§ **Assigned task**:
Look in the material below for the line with "The Gesta attributes" and the line with "Работна дървена маса", then set down exactly those two lines and all lines between, nothing more.

§ **Data listing**:
-- Opening Marker --

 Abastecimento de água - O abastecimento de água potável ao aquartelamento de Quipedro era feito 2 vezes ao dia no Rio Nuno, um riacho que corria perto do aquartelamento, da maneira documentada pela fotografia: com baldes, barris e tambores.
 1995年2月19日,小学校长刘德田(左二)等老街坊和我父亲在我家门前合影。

-- Closing Marker --
-- Opening Marker --

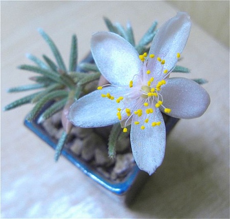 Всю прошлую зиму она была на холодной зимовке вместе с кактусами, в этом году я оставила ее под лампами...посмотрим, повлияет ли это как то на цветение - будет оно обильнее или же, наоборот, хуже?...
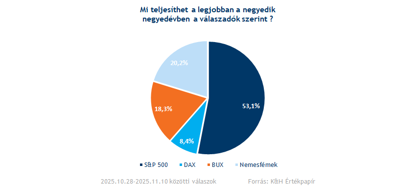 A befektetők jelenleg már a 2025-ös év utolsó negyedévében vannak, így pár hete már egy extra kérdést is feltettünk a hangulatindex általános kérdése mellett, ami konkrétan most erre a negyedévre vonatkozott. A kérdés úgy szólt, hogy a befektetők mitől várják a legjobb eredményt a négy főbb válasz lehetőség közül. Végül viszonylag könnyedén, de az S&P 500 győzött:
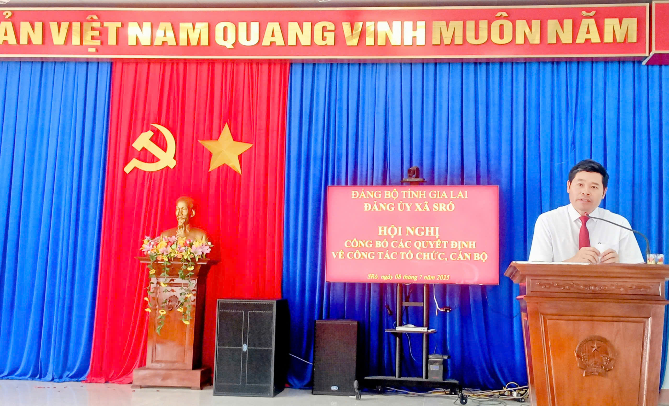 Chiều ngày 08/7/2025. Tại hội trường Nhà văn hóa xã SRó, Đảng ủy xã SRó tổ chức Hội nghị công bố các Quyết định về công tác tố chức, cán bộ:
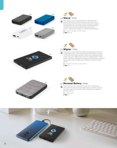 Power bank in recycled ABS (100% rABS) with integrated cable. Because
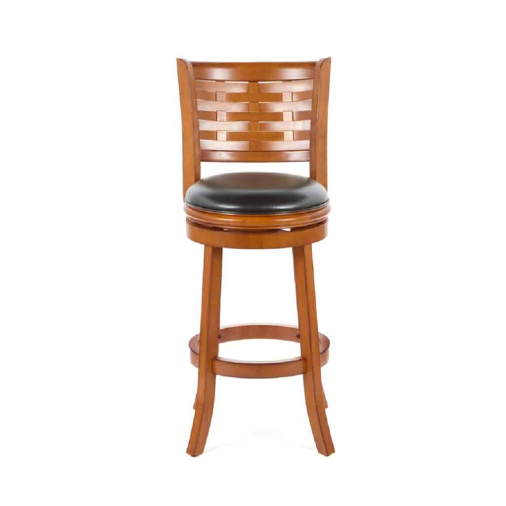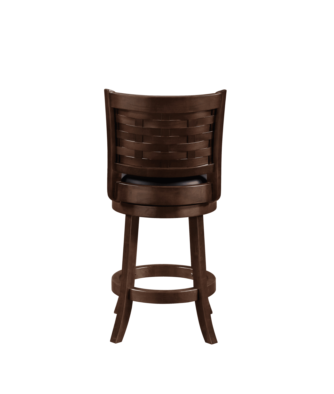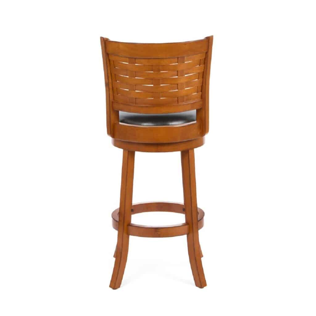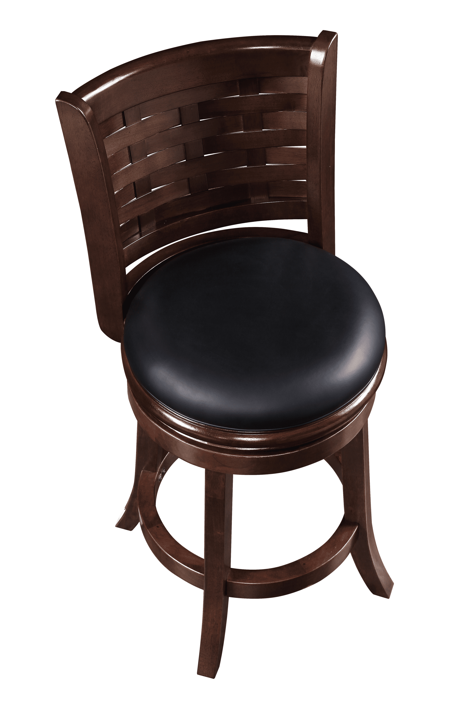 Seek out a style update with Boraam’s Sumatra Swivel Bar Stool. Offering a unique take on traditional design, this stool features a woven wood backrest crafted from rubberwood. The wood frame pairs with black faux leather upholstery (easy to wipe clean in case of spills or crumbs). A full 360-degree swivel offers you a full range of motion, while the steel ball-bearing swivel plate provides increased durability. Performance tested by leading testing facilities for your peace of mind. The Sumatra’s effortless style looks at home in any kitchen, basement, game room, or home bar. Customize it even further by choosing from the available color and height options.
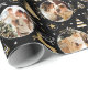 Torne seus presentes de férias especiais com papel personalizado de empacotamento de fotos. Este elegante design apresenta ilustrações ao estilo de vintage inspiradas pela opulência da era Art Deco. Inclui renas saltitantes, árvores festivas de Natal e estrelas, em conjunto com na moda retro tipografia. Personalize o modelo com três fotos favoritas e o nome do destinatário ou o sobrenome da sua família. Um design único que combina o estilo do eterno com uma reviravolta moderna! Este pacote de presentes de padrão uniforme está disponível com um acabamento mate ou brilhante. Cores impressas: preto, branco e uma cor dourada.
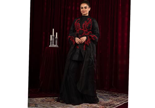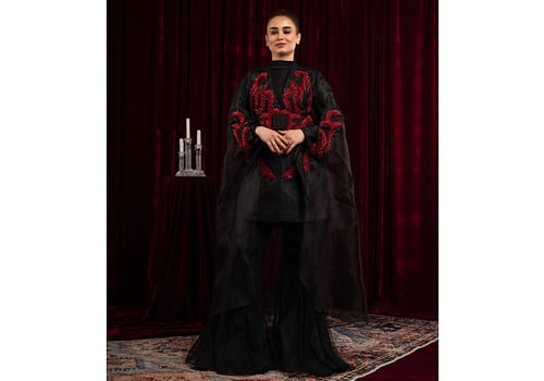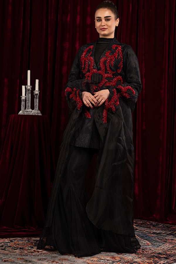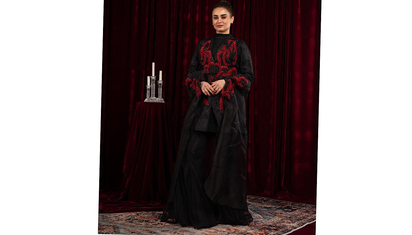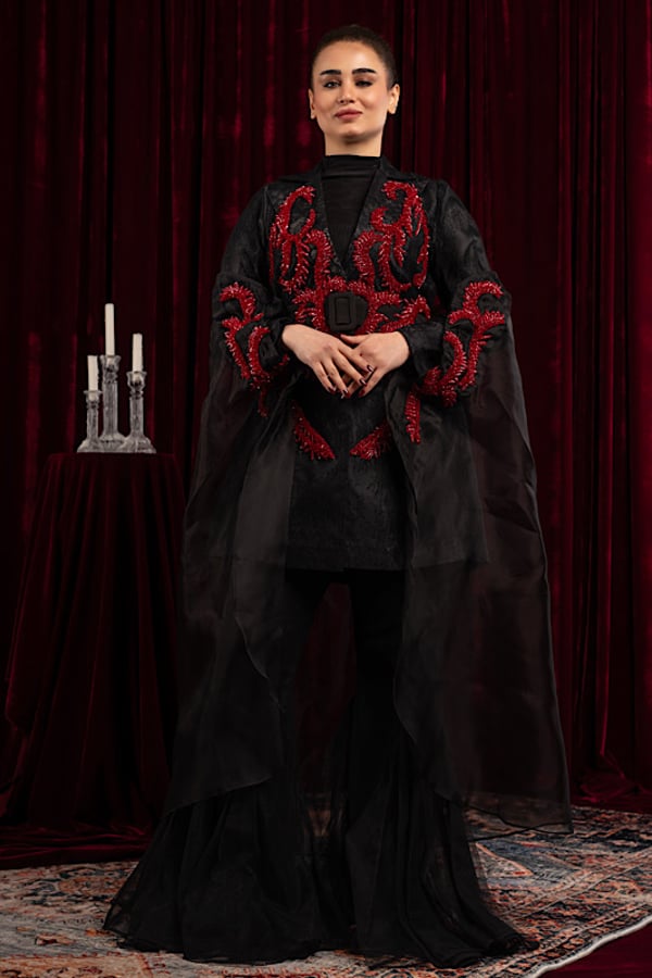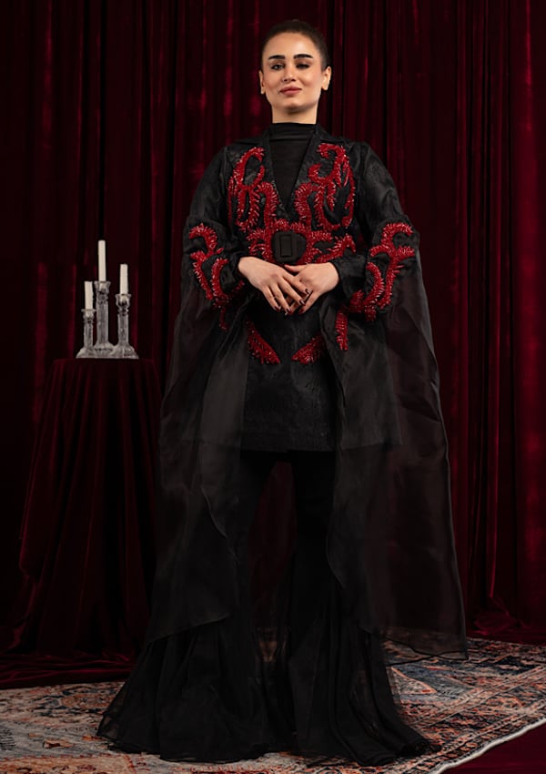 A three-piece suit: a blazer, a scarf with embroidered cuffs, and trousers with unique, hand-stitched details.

-- Closing Marker --
-- Opening Marker --

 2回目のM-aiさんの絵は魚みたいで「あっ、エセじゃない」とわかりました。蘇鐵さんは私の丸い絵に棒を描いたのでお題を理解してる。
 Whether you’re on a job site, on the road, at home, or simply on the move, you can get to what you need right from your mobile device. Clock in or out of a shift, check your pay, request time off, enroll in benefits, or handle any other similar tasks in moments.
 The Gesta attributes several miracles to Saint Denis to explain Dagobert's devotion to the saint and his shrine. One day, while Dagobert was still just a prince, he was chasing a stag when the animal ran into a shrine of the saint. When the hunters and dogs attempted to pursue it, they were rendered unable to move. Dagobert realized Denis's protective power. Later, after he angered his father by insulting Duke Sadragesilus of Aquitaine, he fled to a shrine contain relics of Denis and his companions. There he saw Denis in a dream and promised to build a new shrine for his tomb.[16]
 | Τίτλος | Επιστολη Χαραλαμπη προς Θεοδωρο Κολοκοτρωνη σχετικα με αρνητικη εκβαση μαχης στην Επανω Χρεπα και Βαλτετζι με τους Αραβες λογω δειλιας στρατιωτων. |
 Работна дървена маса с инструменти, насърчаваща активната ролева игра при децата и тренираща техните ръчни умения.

-- Closing Marker --

§ **Written response**:
 The Gesta attributes several miracles to Saint Denis to explain Dagobert's devotion to the saint and his shrine. One day, while Dagobert was still just a prince, he was chasing a stag when the animal ran into a shrine of the saint. When the hunters and dogs attempted to pursue it, they were rendered unable to move. Dagobert realized Denis's protective power. Later, after he angered his father by insulting Duke Sadragesilus of Aquitaine, he fled to a shrine contain relics of Denis and his companions. There he saw Denis in a dream and promised to build a new shrine for his tomb.[16]
 | Τίτλος | Επιστολη Χαραλαμπη προς Θεοδωρο Κολοκοτρωνη σχετικα με αρνητικη εκβαση μαχης στην Επανω Χρεπα και Βαλτετζι με τους Αραβες λογω δειλιας στρατιωτων. |
 Работна дървена маса с инструменти, насърчаваща активната ролева игра при децата и тренираща техните ръчни умения.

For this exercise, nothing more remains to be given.